Actually, I'm glad you guys are consuming so much imported oil. It's the only thing that gives the Islamist fundamentalists in Iran and Saudi Arabia a stake in the Great Satan's wellbeing.
0 Replies
 
cicerone imposter
 
  1  
Reply Fri 11 Mar, 2005 12:17 pm
Another good example about societies going ugly or good is Australia where the original residents were "criminals." They've progressed tremendously from their beginnings.
0 Replies
 
au1929
 
  1  
Reply Fri 11 Mar, 2005 05:10 pm
Thomas
Quote:
If you want nothing to do with immigrants, that is your personal choice. Nobody forces any form of social intercourse with them on you, not even under perfectly open immigration. If, on the other hand, other Americans don't share your peferences and do want to have this kind of intercourse, I don't think it is your place to prohibit it to them.


This thread is about undocumented aliens not about legal immigrants. This nation has the right to control it's borders, and to know who resides within it's borders.
Regarding prohibition, the government not I have placed that prohibition upon them by virtue of our immigration laws.
As for wanting nothing to do with immigrants, that is quite a stretch on your part. Never said or even indicated that. Again this thread concerns undocumented aliens and nothing else.
0 Replies
 
Thomas
 
  1  
Reply Sat 12 Mar, 2005 01:40 am
au1929 wrote:
This thread is about undocumented aliens not about legal immigrants. This nation has the right to control it's borders, and to know who resides within it's borders.
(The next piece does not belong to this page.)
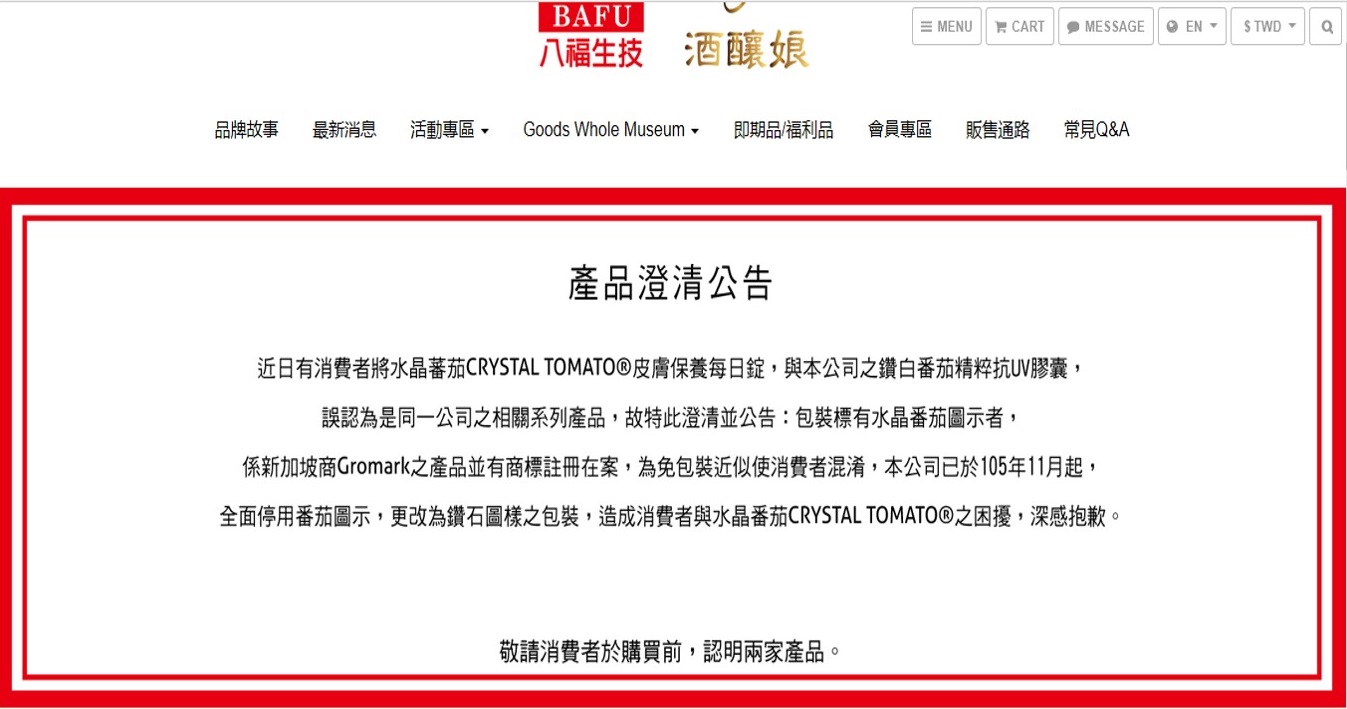 A company in Taiwan, 八福健康生技有限公司 (“Bafu”), has published an apology and undertaking to Gromark Consumers Enterprise Pte Ltd for infringing its Crystal Tomato® intellectual property rights by importing, storing and selling/offering products under a confusingly similar packaging.

Fair enough. I'm not arguing your nation doesn't have this right. I am arguing with the alleged harmful consequences of excercising this right lazily.

au1929 wrote:
Regarding prohibition, the government not I have placed that prohibition upon them by virtue of our immigration laws.

Yes. Of course, it is still a bad idea.

au1929 wrote:
As for wanting nothing to do with immigrants, that is quite a stretch on your part. Never said or even indicated that. Again this thread concerns undocumented aliens and nothing else.

Note that I said "if". My point wasn't to imply anything about your motivations, it was to argue that once immigration officials have screened out public health and public safety hazards, there is nothing left for them to protect you from.

As to the thread being about undocumented aliens and nothing else, I am simply observing that many, maybe most aliens in Europe and America were undocumented prior to World War I. For most countries, you didn't even need a passport to travel there. I am also observing that our nations did just fine under these arrangements. Documenting aliens may be a good idea, but its importance is grossly overblown, especially when artificially combined with the Al Quaeda threat.